Esta é uma questão extremamente delicada, pois não é fácil traçar a linha entre satisfazer o público e ser tão subserviente a ele a ponto de arriscar a própria vida, como músicos e atores bem sabem. Suas carreiras são frequentemente moldadas por escolhas que nada têm de artístico e são inteiramente "promocionais". Para dar um exemplo provocativo, podemos nos perguntar se aquelas estrelas que se entregaram ao álcool ou à heroína não queriam realmente ser salvas, ou se suas vidas foram abandonadas em nome da "criação de mitos" — e sua monetização.
Os fãs — e os usuários da plataforma — também seriam corresponsáveis pelo que os artistas e criadores de conteúdo fazem por eles (ou por seus próprios interesses)?
Seria extremamente difícil formular legalmente a hipótese de responsabilidade coletiva e generalizada por parte daqueles que — por meio da apreciação de um determinado estilo de vida ou da demanda por um determinado tipo de conteúdo — pressionaram ou induziram Pormanove a se submeter à tortura que levou à sua morte.
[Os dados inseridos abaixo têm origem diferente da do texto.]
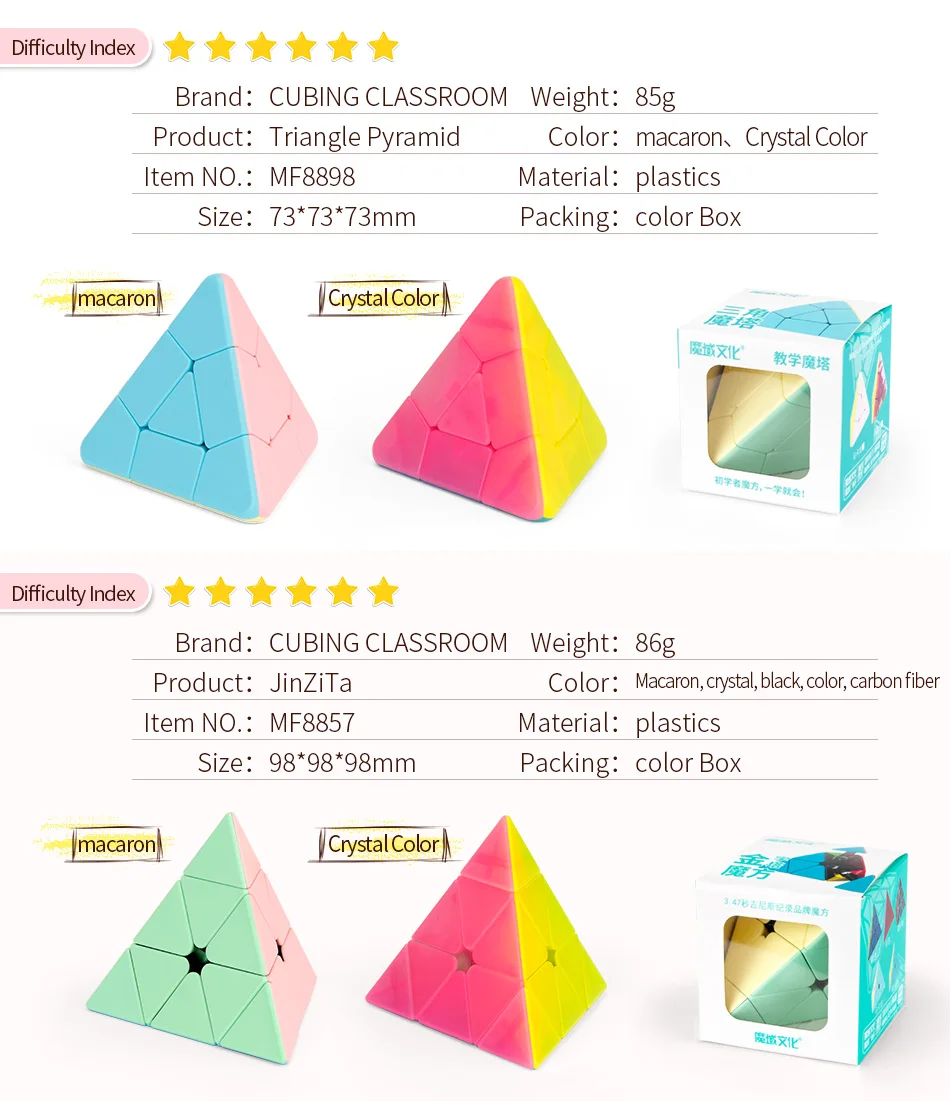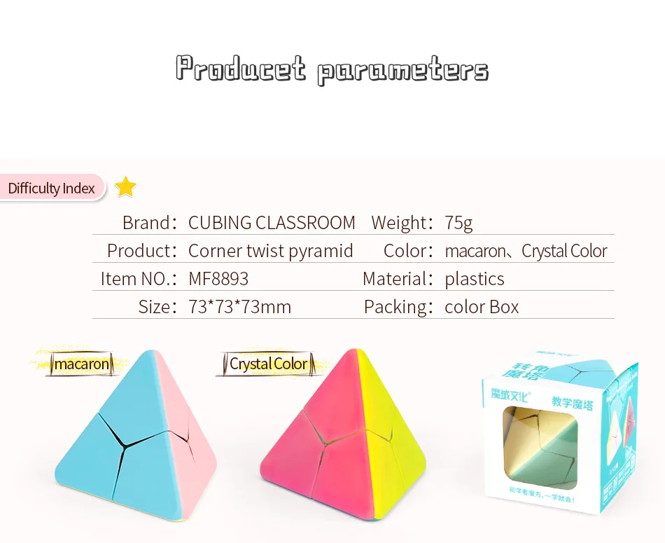 Product:Corner Twist Pyramid Color:Macrron、Crystal ColorItem Model: MF8893 Material:ABSSize:73*73*73mm Packing:Color BoxPackage Content: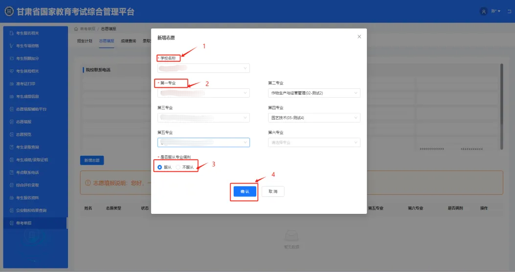选择学校→选择专业→选择是否服从调剂(是否服从调剂默认为否)→点击确定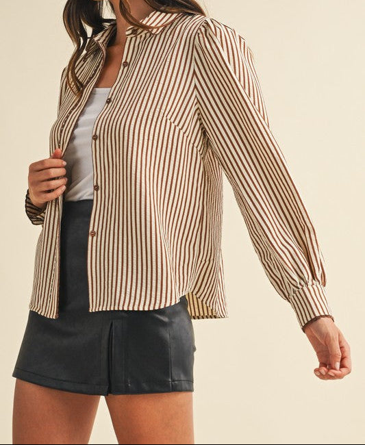 The Amy Blouse brings effortless charm with its textured stripe woven fabric and relaxed fit—perfect for those who love a little personality in their wardrobe. Button down the front and slip into those gorgeous long puff sleeves that add just the right amount of drama. The scallop-trimmed details give it a sweet, vintage-inspired edge that feels both timeless and totally current. Dress it up or keep it casual—this blouse is your new go-to for looking put-together without trying too hard.

Embora a questão do papel da "matilha" em casos de estupro coletivo deixe espaço para especulação.
Primeiro, porém, devemos nos perguntar se, em tais casos, podemos realmente falar da liberdade de escolher o próprio fim, quando todo o sistema de mídia tradicional e digital é projetado para recompensar o extremo, o mórbido, o viral.
Deveríamos também nos perguntar se entramos em uma nova forma dessa escravidão baseada na exploração do corpo, na qual a diferença entre explorado e explorador se torna cada vez mais tênue, e em nome da qual as pessoas estão dispostas a fazer qualquer coisa.
Antigamente, os gladiadores sabiam que morreriam pelo espetáculo, mas não aceitavam seu destino. Hoje, porém, a espetacularização do sofrimento é possibilitada por aqueles que a suportam. E talvez, por trás de cada ato extremo, não haja apenas um indivíduo, mas toda a plateia assistindo e tornando-o possível.